Spectral action for a one-parameter family of Dirac-type operators on SU(2) and its inflation model

TL;DR

This paper computes the spectral action for a family of Dirac operators on SU(2), deriving an inflation model from the asymptotic expansion, and provides a method applicable to other Lie groups.

Contribution

It explicitly calculates the spectrum of Dirac Laplacians on SU(2) and derives an inflationary potential from the spectral action, connecting spectral geometry with cosmological models.

Findings

Explicit spectrum computation for Dirac Laplacians on SU(2)
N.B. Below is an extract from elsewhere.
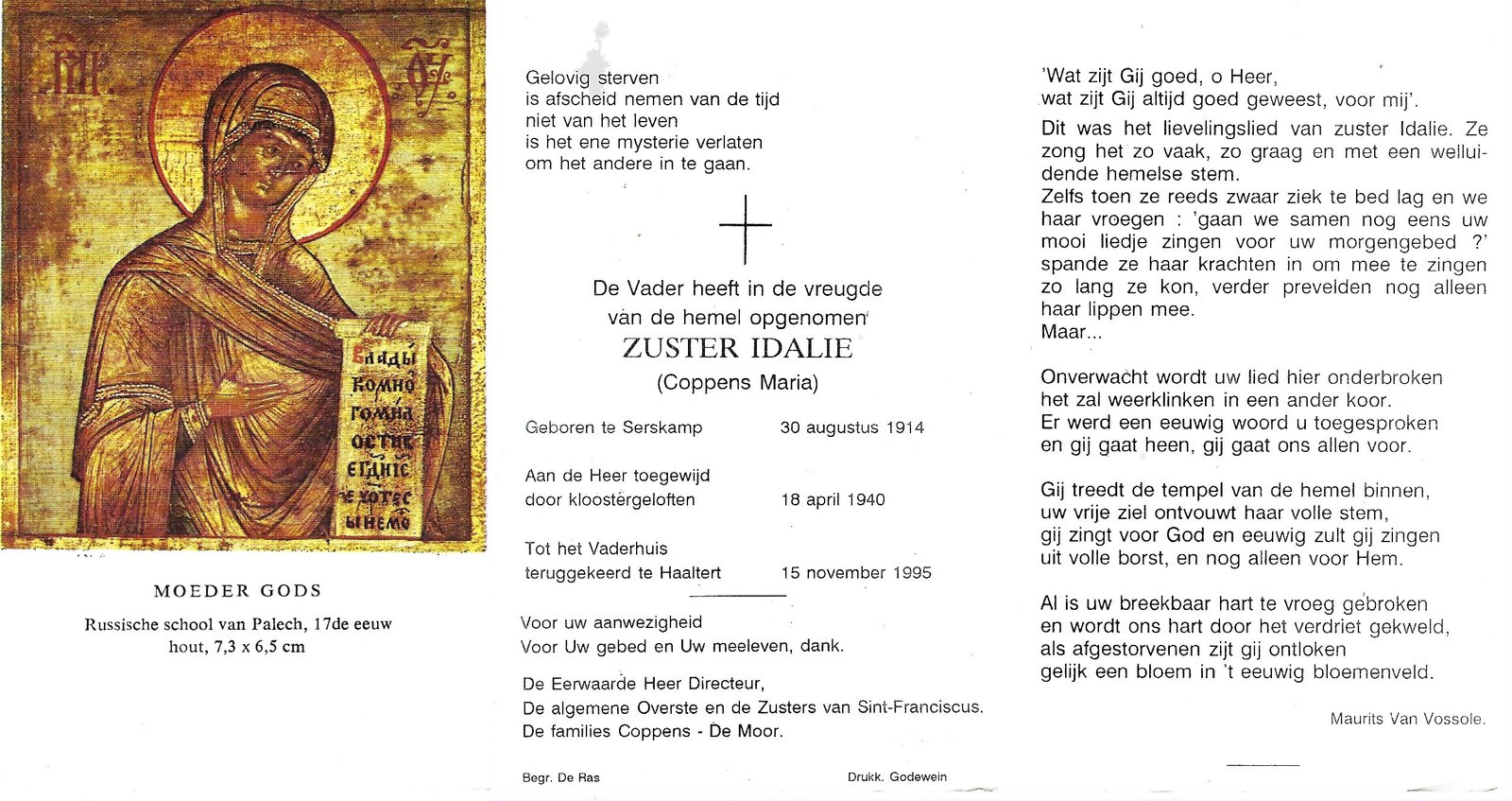 | Van Der Schueren Maria-Irèna, Zuster Aldegonde | Idegem | 29/04/1915 | Haaltert | 22/07/1999 |

Full asymptotic expansion of the spectral action obtained

Generated inflation potential and slow-roll parameters from spectral data

Abstract

We analyze the Dirac Laplacian of a one-parameter family of Dirac operators on a compact Lie group, which includes the Levi-Civita, cubic, and trivial Dirac operators. More specifically, we describe the Dirac Laplacian action on any Clifford module in terms of the action of the Lie algebra's Casimir element on finite-dimensional irreducible representations of the Lie group. Using this description of the Dirac Laplacian, we explicitly compute spectrum for the one-parameter family of Dirac Laplacians on SU(2), and then using the Poisson summation formula, the full asymptotic expansion of the spectral action. The technique used to explicitly compute the spectrum applies more generally to any Lie group where one can concretely describe the weights and corresponding irreducible representations, as well as decompose tensor products of an irreducible representation with the Weyl representation into irreducible components. Using the full asymptotic expansion of the spectral action, we generate the inflation potential and slow-roll parameters for the corresponding pure gravity inflationary theory.